In this example we are downloading all data from RS03CCAL-MJ03F-05-BOTPTA301. The ingredients being used to build the data_request_url can be found here. http://ooi.visualocean.net/instruments/view/RS03CCAL-MJ03F-05-BOTPTA301

reference designato = RS03CCAL-MJ03F-05-BOTPTA301  
delivery method = streamed  
stream = botpt_nano_sample  
beginDT = 2012-01-01T01:01:01.000Z (setting the begin time to 2012 and no end time guarantees getting the full dataset)

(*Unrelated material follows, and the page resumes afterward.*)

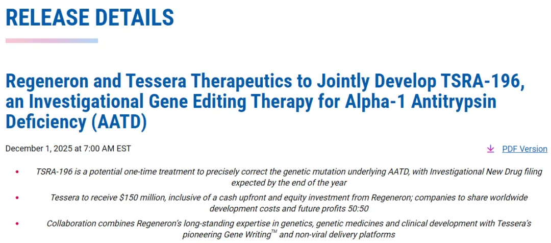 12月1日,再生元(Regeneron)与Tessera Therapeutics共同宣布达成全球合作,双方将联合开发并商业化用于治疗α-1抗胰蛋白酶缺乏症(AATD)的基因编辑疗法TSRA-196。

BOTPT instruments sample at 20 Hz, making this a very large data set when requesting multiple years of data. Since the system processes the raw data through dataset drivers and algorithms on demand, much like a cloud computing system providing software as a service, the request can take a while to fulfill, especially if there is a high load on the system due to other users requesting data. For this reason we have staged the pre-processed dataset on a THREDDS server. See 01_botpt_data_wrangling.ipynb.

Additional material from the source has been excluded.